Sen. Murray: (02:17:15)
Thank you, Senator Burr. I appreciate that. That will end our hearing for today. I want to thank all of our colleagues, our witnesses, Dr. Walensky, Dr. Fauci, Dr. Woodcock, Assistant Secretary O’Connell for such a thoughtful discussion about our ongoing response to this pandemic and the path forward. With that, for any senators who wish to ask additional questions, questions for the record will be due in 10 business days, August 3rd, at 5:00 PM. The hearing record will also remain open until then for members who wish to submit additional material for the record.
Sen.

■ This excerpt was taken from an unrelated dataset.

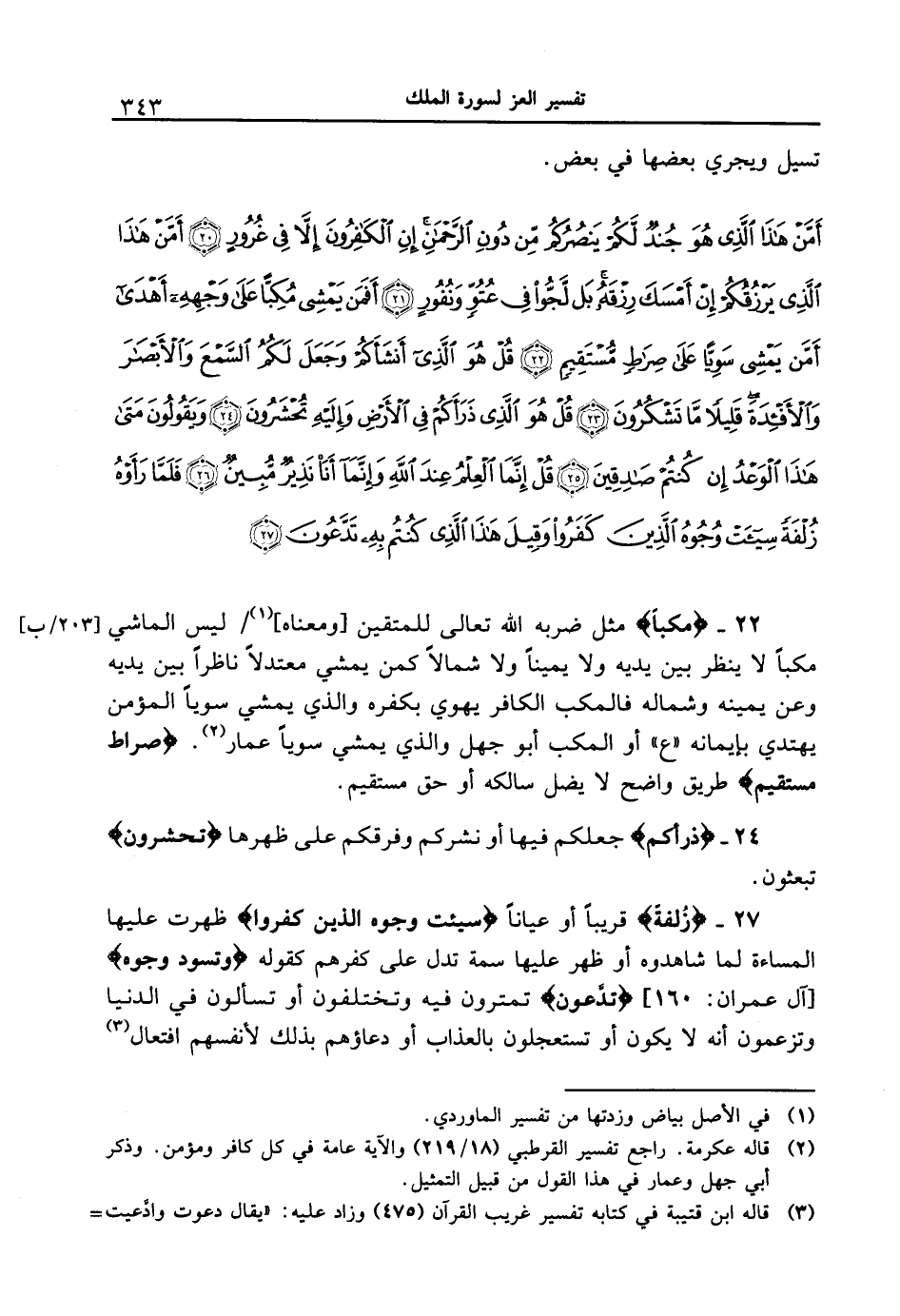 22 - {مُكِبّاً} مثل ضربه الله تعالى للمتقين [ومعناه] [203 / ب] / ليس الماشي مكباً لا ينظر بين يديه ولا يميناً ولا شمالاً كمن يمشي معتدلاً ناظراً بين يديه وعن يمينه وشماله فالمكب الكافر يهوي بكفره والذي يمشي سوياً المؤمن يهتدي بإيمانه " ع " أو المكب أبو جهل والذي يمشي سوياً عمار. {صِرَاطٍ مُّسْتَقِيمٍ} طريق واضح لا يضل سالكه أو حق مستقيم.

Murray: (02:17:49)
The committee we’ll next meet tomorrow, July 21st for an executive session to consider the Family Violence Prevention and Services Improvement Act of 2021 and the nominations of Catherine Layman to be Assistant Secretary for Civil Rights at the Department of Education, Lisa Brown, to be General Counsel of the Department of Education, Roberto Rodriguez, to be Assistant Secretary for Planning, Evaluation, and Policy Development at the Department of Education, David Wilde, the Service Administrator of the Wage and Hour division at the Department of Labor, and Gwen Wilcox and David Prouty to serve as members of the National Labor Relations Board. Again, thank you to all of our witnesses.